宋緒給他梳毛的時候總是很輕,指腹順着毛發一遍遍捋過,從後頸到脊背,從脊背到尾巴尖。
有時梳着梳着她就哼起小調,調子軟軟的,和指腹的溫度一起落在他身上……還有那些午後的閑散時光,她一邊梳一邊念叨些有的沒的,他假裝沒在聽,其實都記得。
還有他第一次化形時,平日對他各種親昵的宋緒,頓時就不讓他睡床了。
這些都是屬于小白的記憶,那些瑣碎的日常,君朔本以為自己早已淡忘。
畢竟小白的脾性與他的本性天差地別,恢複記憶的他絕無可能再露出那般依戀谄媚的神色,更不會為誰争風吃醋。
他原也以為,待将這些記憶渡給傀儡後,便能随之抛卻。誰知因着重新回溯一遍,種種細節反而在心底烙得更深、更清晰……

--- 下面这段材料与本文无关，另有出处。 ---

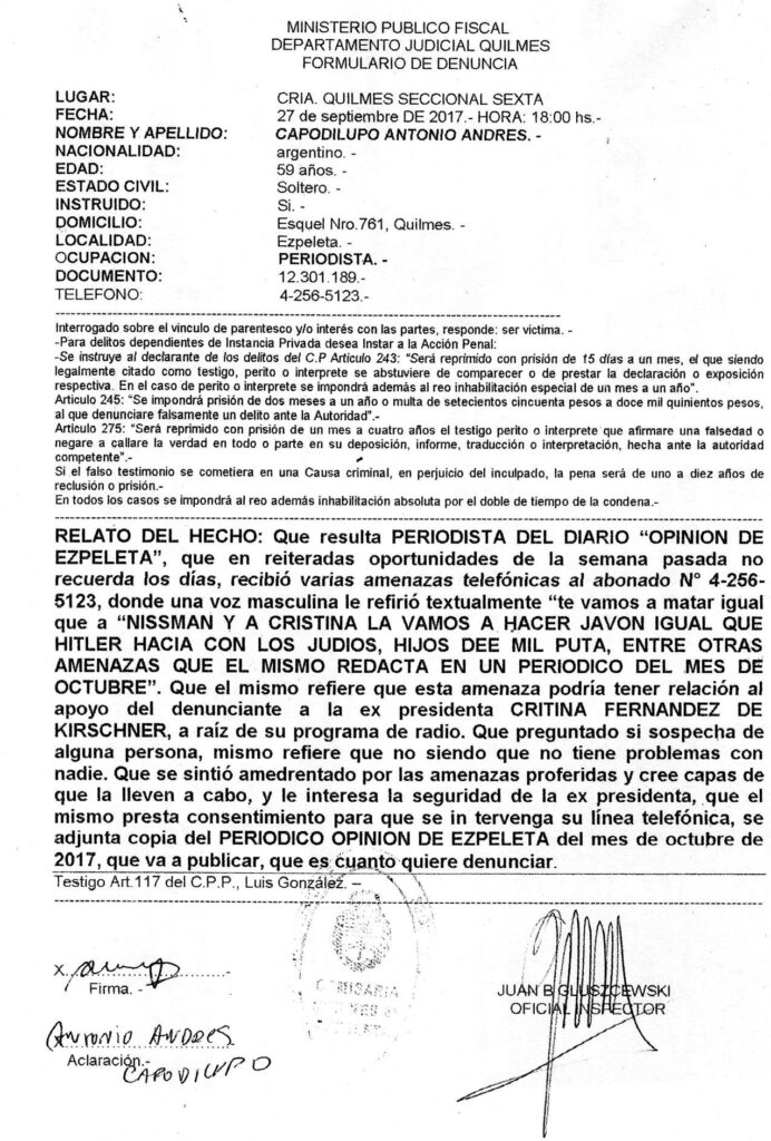 La denuncia y la tapa de Opinión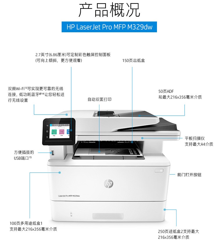 惠普多功能一體機 M329dw A4黑白激光 單位:臺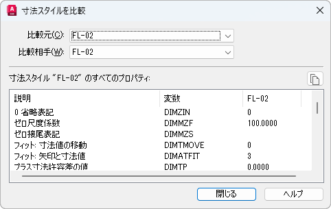 寸法スタイルの比較結果が表示されます。2 つの異なる寸法スタイルを比較した場合、異なるプロパティが表示されます。[<なし>]を選択するか、[比較元]の寸法スタイルと同じ寸法スタイルを設定した場合は、その寸法スタイルのすべてのプロパティが表示されます。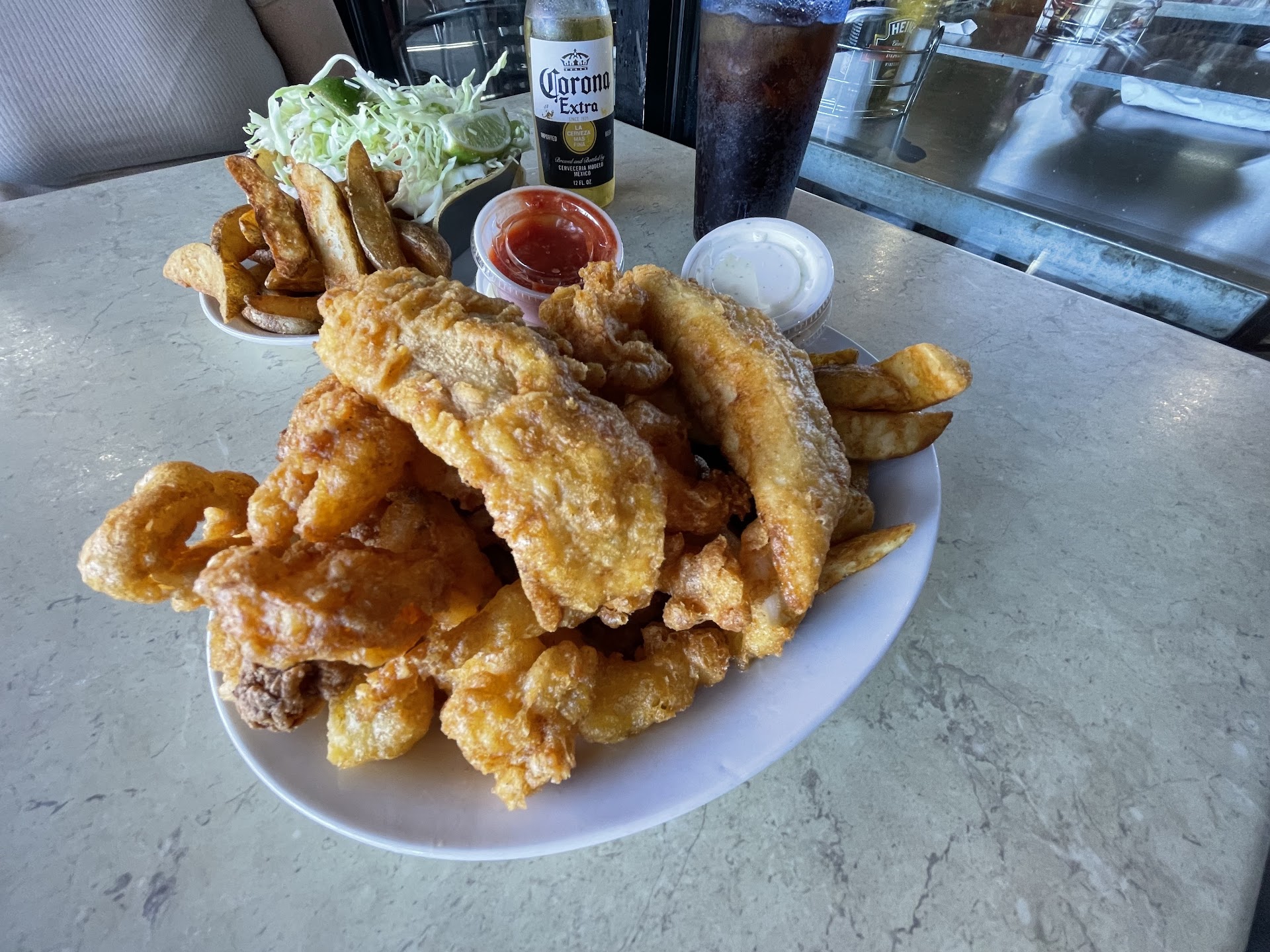 Read moreGreat fresh fish. Fish tacos were great, especially the classic ones! We sat outdoors on a Sunday evening and it was very comfortable in the shade with the misters occasionally misting. It was crowded and you order at the register, but they made sure there was a table available once we ordered and paid. We were a party of 6 so that was really nice. Coleslaw was especially fresh and delicious. Regular fries are pretty highly seasoned, not terribly kid-friendly. Rice pilaf was tasty, but the sand dabs I had been looking forward to were just okay. Fresh and nicely sauteed, but no seasoning or sauce at all, so I improvised with extra lemon and some salt. The kids "noodles" were just that: noodles with a little butter and a sprinkling of parmesan - really perfect for our less than adventurous 4 year old. Very comfortable restaurant for a family but you can get really fresh and wonderful grown up fish and seafood of every kind imaginable along with a nice glass of wine. We'll definitely be back. The only thing making this 4 instead of 5 stars was the service at the register - the gentleman who helped us was gruff and impatient - and the table servers were competent but not especially attentive or friendly. Maybe we caught them in...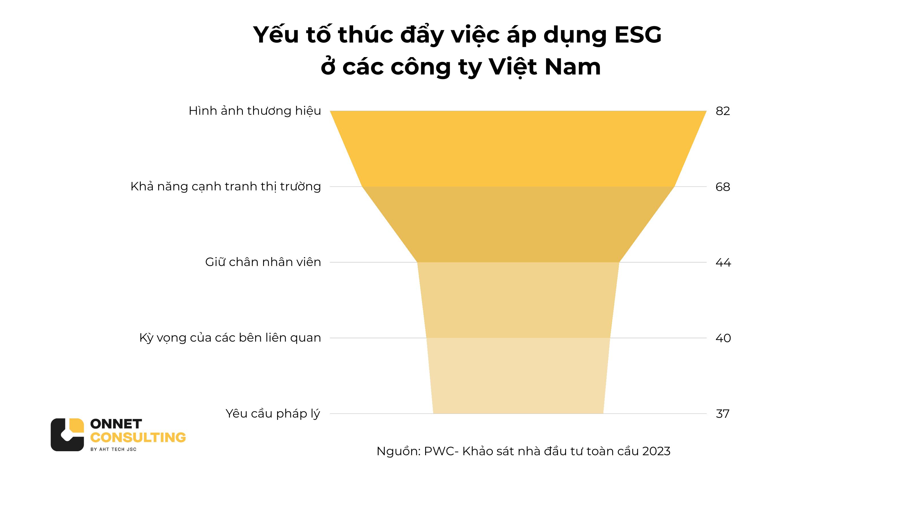 Các công ty đang ngày càng có động lực để giải quyết các vấn đề ESG do áp lực từ người tiêu dùng, nhân viên và nhà đầu tư. Tại Việt Nam, 82% người tham gia khảo sát cho rằng hình ảnh và danh tiếng thương hiệu là động lực chính thúc đẩy họ theo đuổi các sáng kiến ESG, tiếp theo là mong muốn duy trì tính cạnh tranh (68%). Các yếu tố khác bao gồm việc giữ chân nhân viên và đáp ứng áp lực từ nhà đầu tư và cơ quan chính phủ.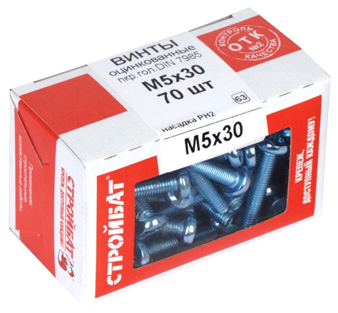 Винт реализуется в индивидуальной упаковке. Количество — 70 шт. Материал — сталь. Цвет — серый. Размер — 5×30 мм. Резьба — М5.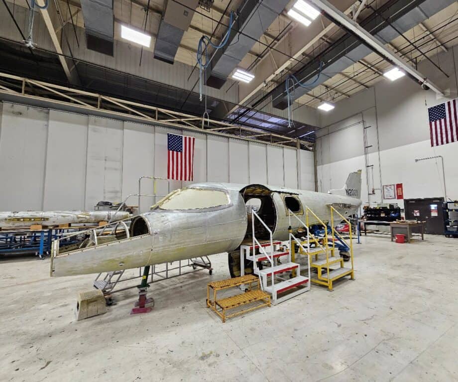 Our visit finished on a nostalgic high note and in an area where we could once again take photographs. The Classic Lear Jet Foundation’s restoration of the very first customer-delivered Learjet (serial 23-003) is being overseen on the campus, in Building 14—the former Learjet delivery facility.

明明心裏想着只是渡些記憶給傀儡,可挑挑揀揀的全是那些最親密的片段,至于其間的不快與不堪,他倒是一絲也未存進去。
許是做着萬一哪天傀儡又被搶回去的準備,裴庭筠那厮若發現自己的傀儡裏,裝着的全是別人的回憶,也不知會是什麽臉色。
想到此處,他唇角微微動了動。
片刻後,傀儡的眼睫忽地輕顫了一下,像是什麽東西從沉睡中被喚醒,她緩緩地睜開了眼睛。

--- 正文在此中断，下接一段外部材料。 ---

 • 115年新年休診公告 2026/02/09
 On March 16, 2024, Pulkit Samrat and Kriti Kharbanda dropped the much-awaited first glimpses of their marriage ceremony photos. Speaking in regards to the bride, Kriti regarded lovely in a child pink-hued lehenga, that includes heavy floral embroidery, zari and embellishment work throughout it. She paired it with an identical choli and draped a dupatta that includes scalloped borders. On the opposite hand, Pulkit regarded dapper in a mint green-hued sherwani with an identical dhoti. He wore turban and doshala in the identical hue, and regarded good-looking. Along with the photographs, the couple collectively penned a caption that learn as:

空洞的眼睛慢慢轉動,像是終于找到了焦點,一點一點,落在了他的臉上。
就在那一瞬間,那雙眼睛活了。
像是有人往枯井裏投了一束光,光落進去,便漾出粼粼的波紋。空洞消散,取而代之的是一汪盈盈的水色,清澈,柔軟,盛滿了亮晶晶的光。
“夫君。”
她沖他笑起來。
燦爛的笑容一瞬間在他眼前綻開,彎彎的眉眼,翹起的唇角,漾着全然的親昵與歡喜,像是見到了這世上最眷戀的人。
君朔的心跳不知怎的就漏了一拍。
怔忪間,她已伸出了手,軟軟地抱住了他。
另一邊,時桉正被謝初珣捏着後脖頸懸在半空,四只爪子蔫蔫地垂着,但這絲毫不耽誤她探着腦袋往院子裏張望。

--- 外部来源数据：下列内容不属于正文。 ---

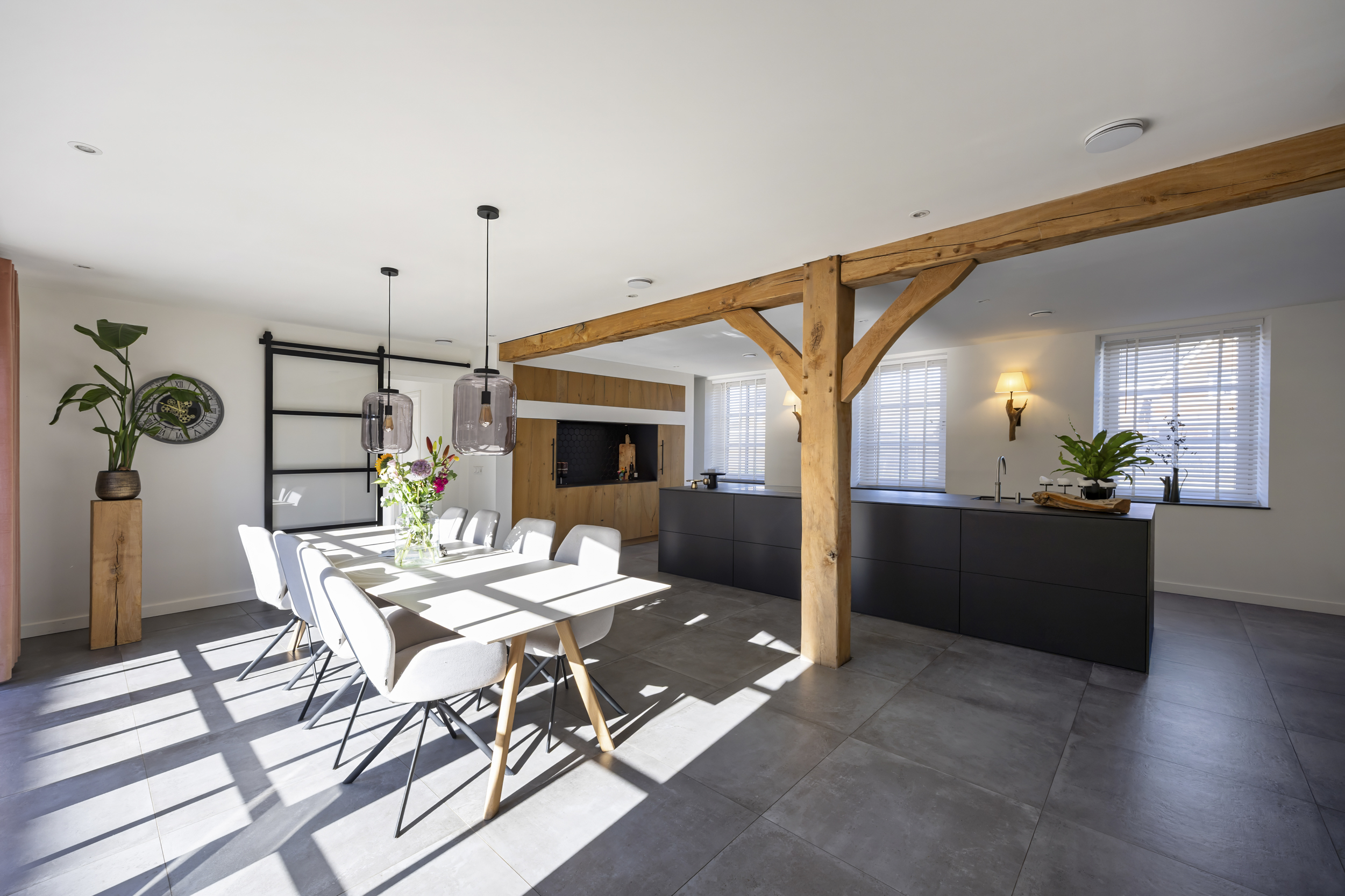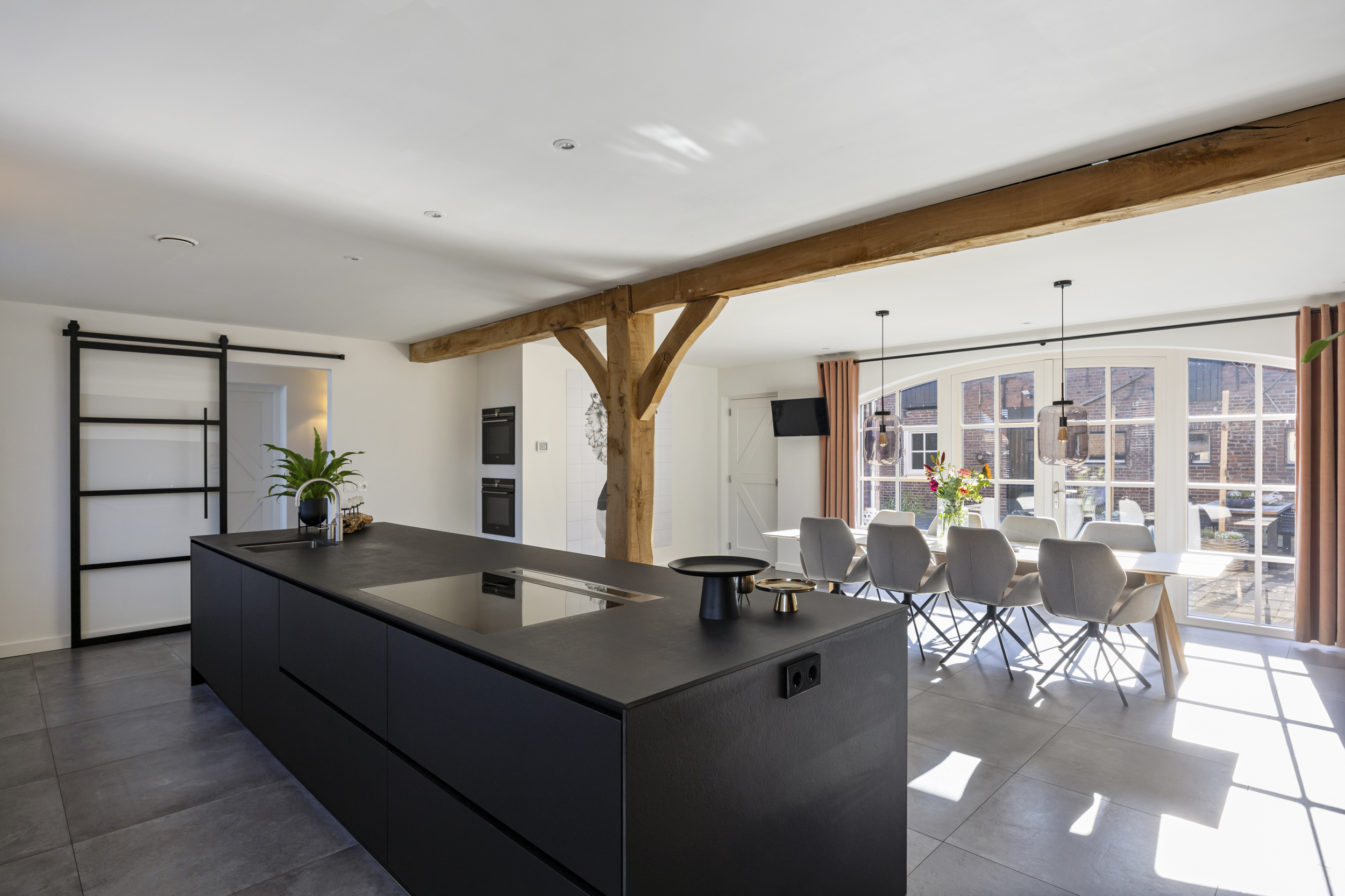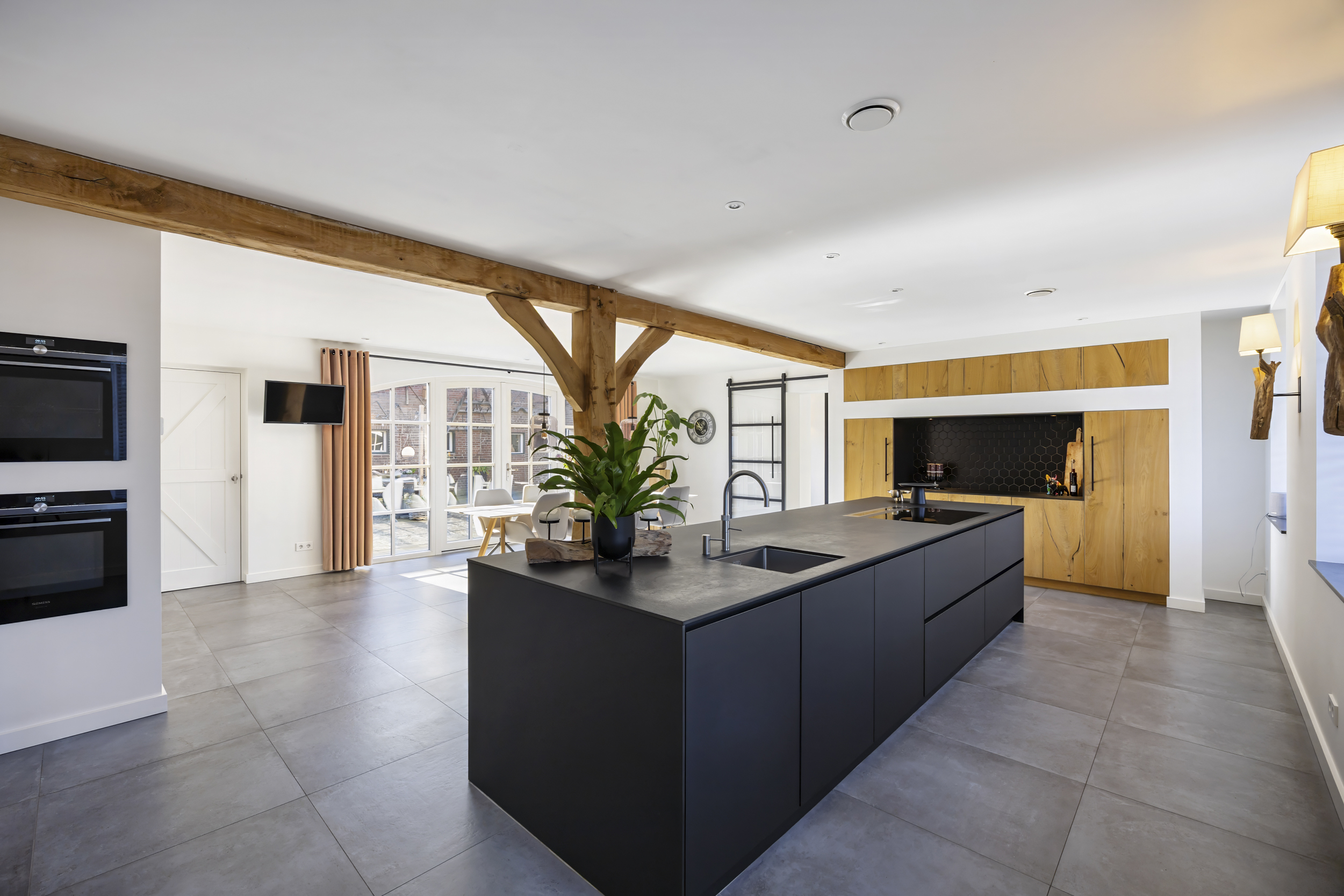 De leef keuken is het centrale punt van de woning en laat goed zien hoe de moderne boerderijstijl hier is doorgevoerd. Met een oppervlakte van circa 55 m² is het een royale ruimte waarin koken en leven samenkomen. Het grote kookeiland en de kastenwand met koffie nis zorgen voor een strakke, moderne uitstraling, terwijl de zichtbare houten balken juist warmte en karakter toevoegen. De combinatie van materialen maakt deze ruimte bijzonder in balans. Dankzij de grote raampartijen en openslaande deuren naar de binnenplaats is er veel daglicht en een prettige verbinding met buiten.

遠遠地,她就瞥見君朔抱着個戴面紗的年輕女子走了進來。
他懷裏那個罩着面紗的女子,該不會是裴庭筠的夫人吧?
君朔這回重傷,八成是跟裴庭筠結下了梁子。他雖然沒跟她透露過什麽計劃,但特意潛伏在雲栖城,絕不可能是來游山玩水的。以他那性子,肯定憋着勁兒想報複回去。
該不會所謂的計劃,就是對裴庭筠女人動手吧?
正想着,君朔抱着人從廊下經過,距離近了些,時桉終于看清了他懷裏那女子的側影——
她倒吸一口涼氣。
君朔好大的膽子,竟然真把裴庭筠的夫人搶來了!
可距離太遠,她又只是只普通小貓的模樣,根本看不清君朔把人放到床上後做了什麽。只見他将那女子安置在榻上,俯身湊近,不知在搗鼓什麽。
時桉急得爪子往前探了探,奈何後脖頸被人捏得死死的,動彈不得。
她偷偷瞥了謝初珣一眼。
這人也不知在看什麽,竟沒有要走的意思,甚至還往窗口挪了幾步。
時桉再度探頭探腦地張望。
這一眼看去,她愣住了。
那女子背對着她,看不清面容,只見她忽然伸出手,親昵地抱住了君朔。那動作自然得很,像是做過千百回似的。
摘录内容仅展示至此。